Certains prétendront, à juste titre, que les retombées économiques et politiques associées à cette action pourraient être excellentes. Par exemple, le Premier ministre et le président libanais ont exprimé leur scepticisme quant à la nécessité de nouvelles sanctions, alors que le président affirmait que de nouvelles sanctions pourraient causer «de grands dégâts au Liban et à ses habitants ». Pour être sûr, appliquer l'article 311 aux zones contrôlées par le Hezbollah peindra en noir un grand nombre d'entreprises et de banques, principalement dans les zones chiites. Cela risque de provoquer une panique au sein de la population libanaise, du LAF et de la communauté bancaire. Mais les retombées peuvent être modérées et les conséquences involontaires atténuées. Le Trésor devrait travailler avec la banque centrale libanaise pour isoler les succursales bancaires dans les zones contrôlées par le Hezbollah, protégeant ainsi l'intégrité du système bancaire libanais traditionnel tout en paralysant les capacités financières du Hezbollah. La banque centrale libanaise accorde déjà la priorité à l'accès au système financier international, et a publié des comptes liés au Hezbollah dans le passé. Avec la coopération du Trésor américain, l'article 311 pourrait effectivement cibler le Hezbollah et non l'économie libanaise de manière plus générale.

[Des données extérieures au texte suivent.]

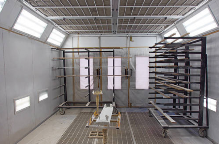 W firmie dysponujemy solidnym parkiem maszynowym i dwoma lakierniami, ponadto cały czas jest stała produkcja frontów meblowych, łóżek lakierowanych i elementów lamp. W budynkach jest system alarmowy i system kamer.

Les États-Unis doivent prendre des mesures urgentes et solides afin d'étayer les éléments libanais qui ont résisté à la montée du Hezbollah, groupe violent affilié à la terreur tout en entretenant des rapports étroits avec l'Iran, l'antagoniste le plus virulent de l'Amérique de la région. Sans cette initiative, le Hezbollah et ses partisans pourront continuer leur ascension constante sans aucun contrôle. La bataille pour l'avenir du Liban est en cours ; il appartient maintenant au Congrès de s'y associer efficacement.